» **WHAT THE TASK ASKS**: What you return should match the listing exactly, minus its images.

** Opening COLLECTED MATERIAL block **

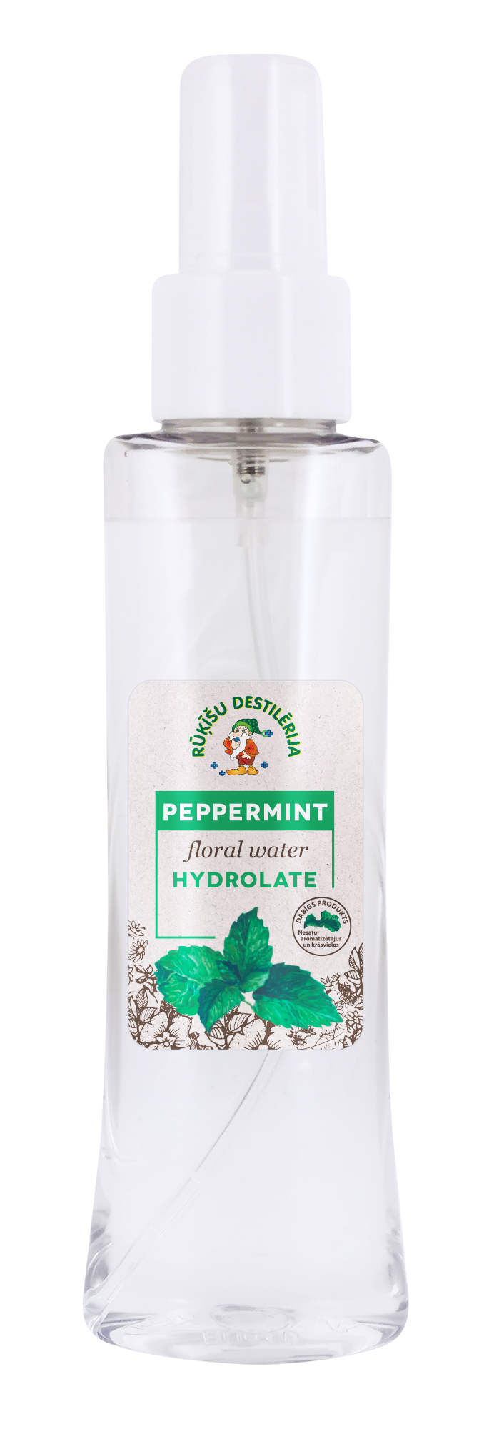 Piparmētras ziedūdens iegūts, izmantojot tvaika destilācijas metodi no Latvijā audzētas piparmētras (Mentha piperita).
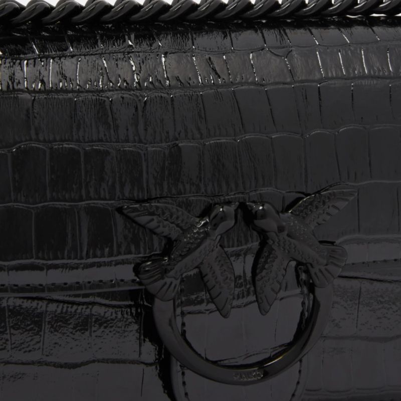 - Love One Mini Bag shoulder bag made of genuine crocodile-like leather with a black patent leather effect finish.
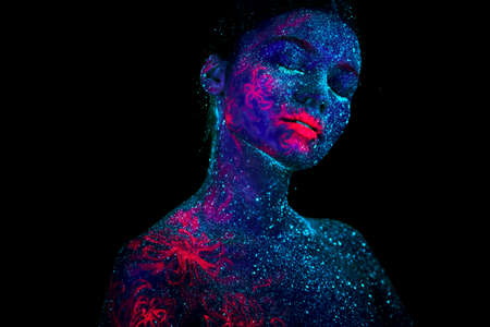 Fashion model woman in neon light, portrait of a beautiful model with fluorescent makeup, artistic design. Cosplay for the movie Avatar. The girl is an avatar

** Closing COLLECTED MATERIAL block **

» **RESULT OF THE TASK**:
 Piparmētras ziedūdens iegūts, izmantojot tvaika destilācijas metodi no Latvijā audzētas piparmētras (Mentha piperita).
 - Love One Mini Bag shoulder bag made of genuine crocodile-like leather with a black patent leather effect finish.
 Fashion model woman in neon light, portrait of a beautiful model with fluorescent makeup, artistic design. Cosplay for the movie Avatar. The girl is an avatar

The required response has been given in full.